In low birth weight premature babies, the gut microflora
is dominated by potentially pathogenic Enterococcus faecalis,
Escherichia coli, Staphylococcus epidermidis, Enterobacter
cloacae, Klebsiella pneumoniae and Staphylococcus
haemolyticus [54]. One attempt to alter this flora and reduce
the risk of necrotizing enterocolitis proved successful using
Lactobacillus acidophilus and Bifidobacterium infantis [55],
while another using Lactobacillus GG failed [56]. The extent
to which the infant microflora can be permanently
manipulated will likely be the subject of much research in
the future, especially if it leads to improved health outcomes.
The high rates of morbidity and mortality associated with
diarrhea in children, especially in the developing world,
make it essential that use of probiotics be considered as an
interventional therapy.
THE FUTURE
In summary, the following is a list of clinically relevant
steps that will move probiotics closer to being embraced by
the medical community: i) implementation of Guidelines for
the use of probiotics; ii) phase I and II clinical trial data on
strains and end products to prove health benefits; iii) use of
Good Manufacturing Practices and production of high
quality products; iv) Studies which identify mechanisms of
action of probiotic strains in vivo; v) appropriate information
dissemination about products to physicians, health
professionals and lay people; vi) development of probiotic
organisms that carry vaccines or other beneficial substances
to the host; vii) development of anti-viral probiotics; viii)
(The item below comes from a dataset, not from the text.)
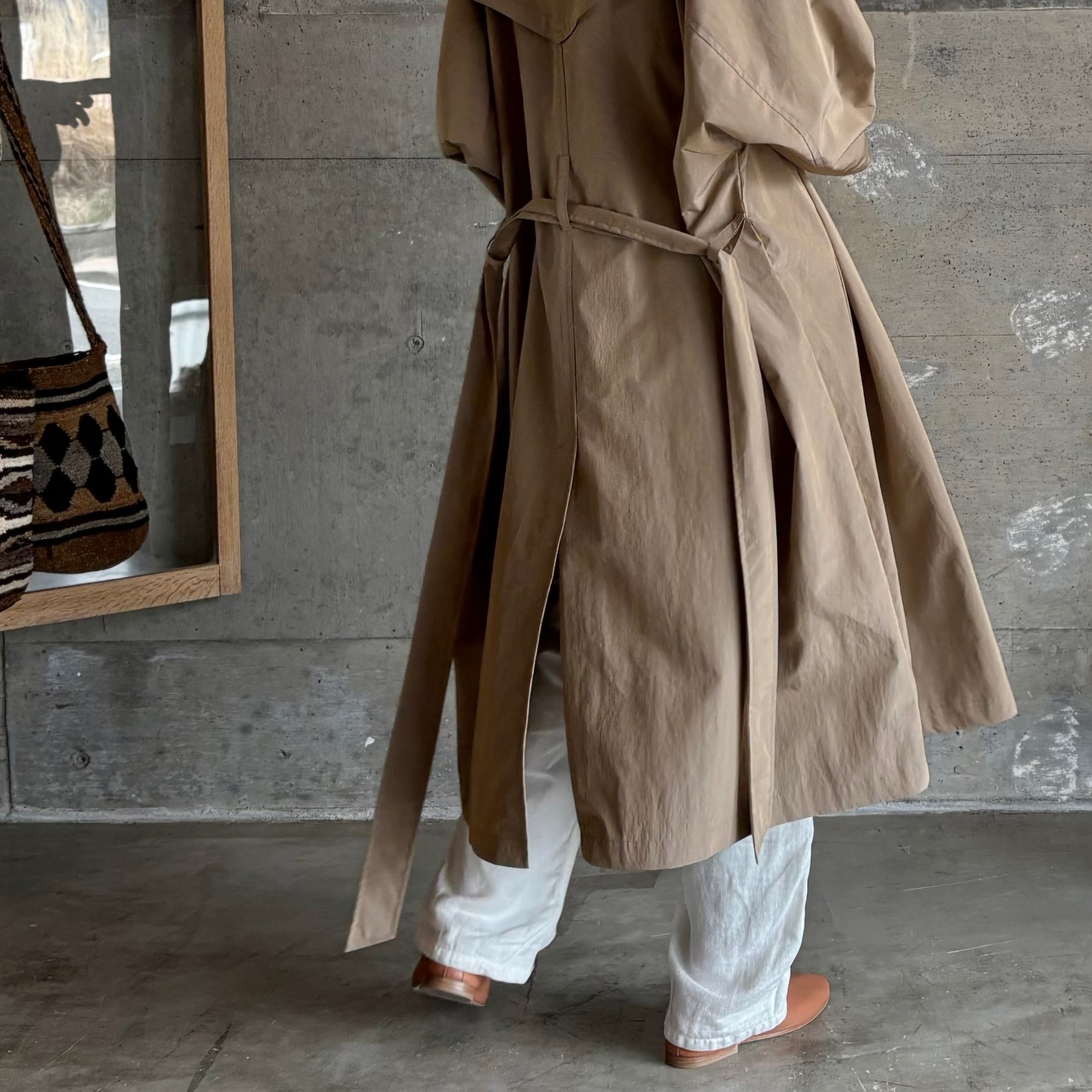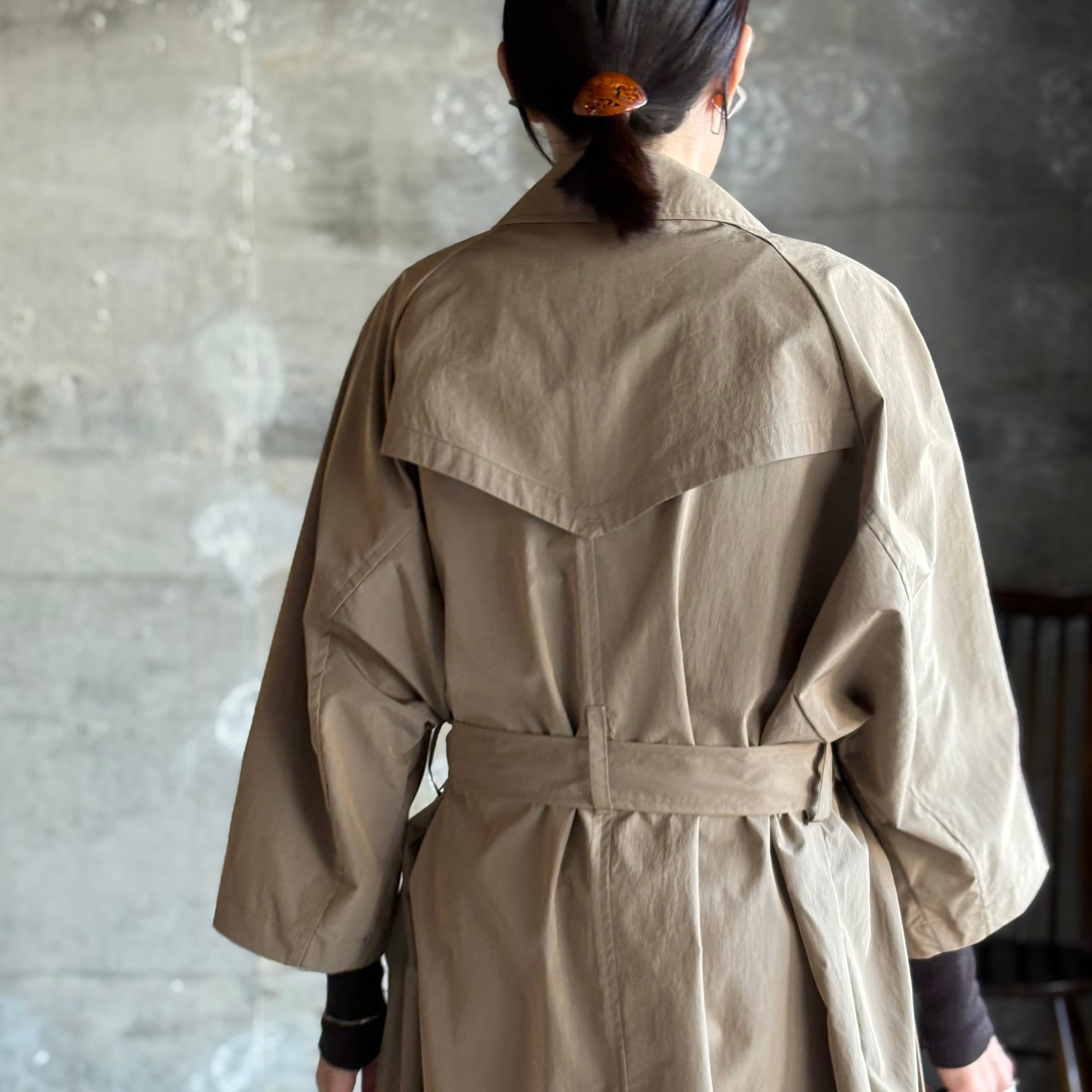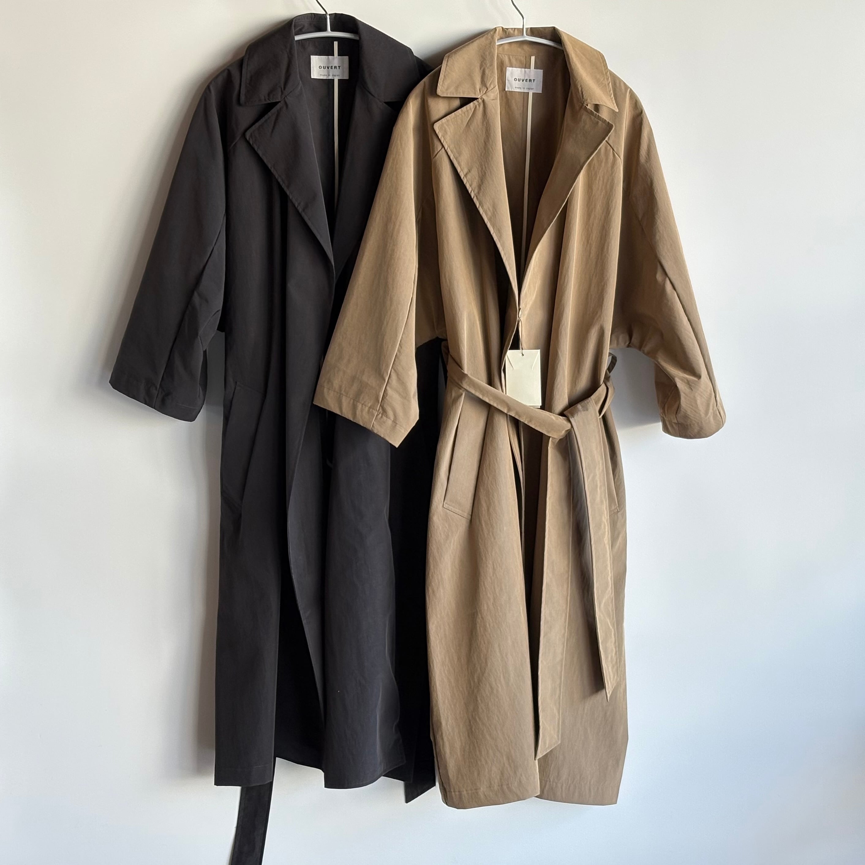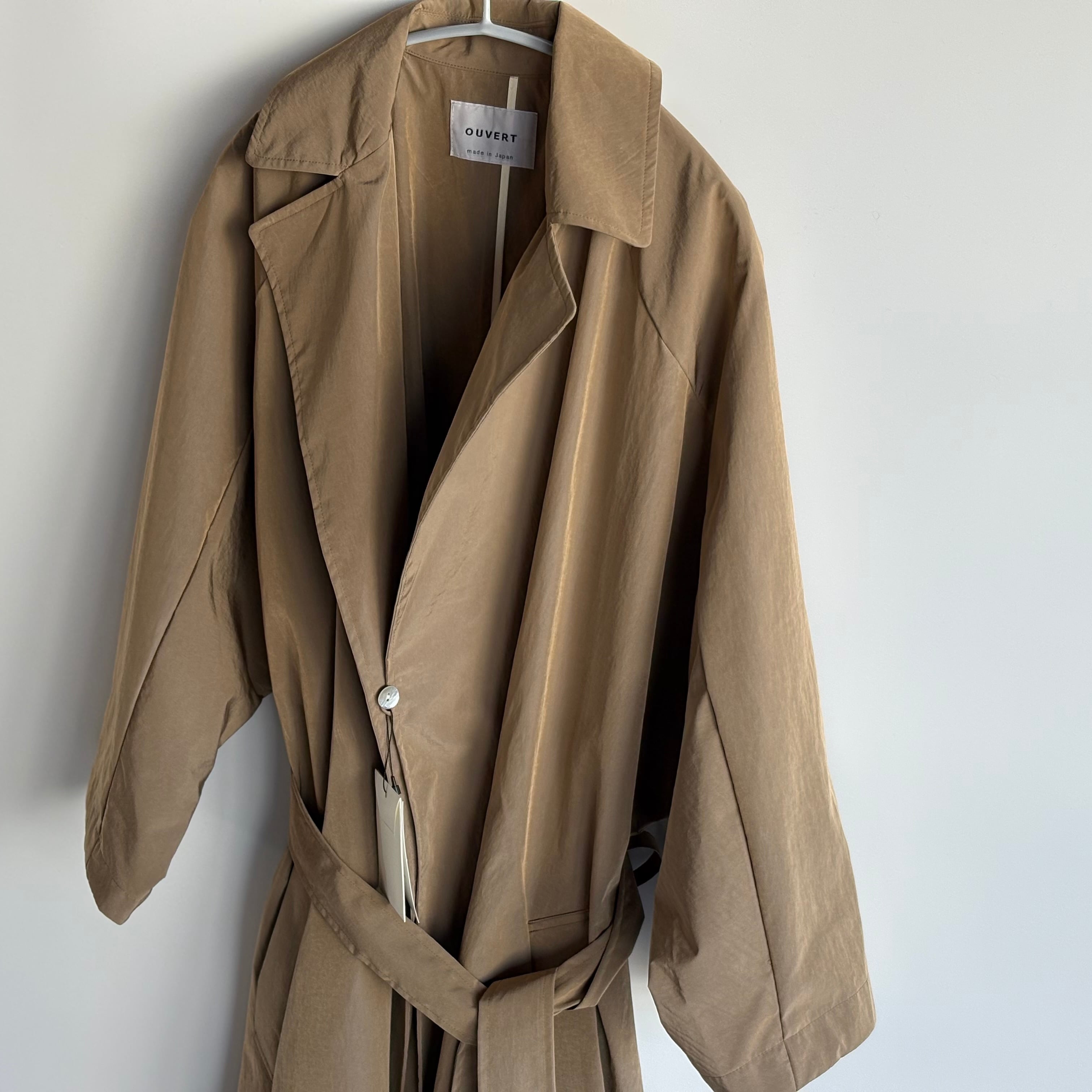 OUVERT ウーヴェル / Pe/N 割織タフタヴィンテージタンブラー撥水加工ベルト付きコート カーキ・ブラック

expansion of proven strains to benefit the oral cavity,
nasopharynx, respiratory tract, stomach, vagina, bladder, and
skin as well as for cancer, allergies and recovery from
surgery and injury.
ACKNOWLEDGEMENTS
The author is supported in part by by the Natural
Sciences and Engineering Research Council of Canada
(NSERC) and The Ontario Research and Development
Challenge Fund (ORDCF).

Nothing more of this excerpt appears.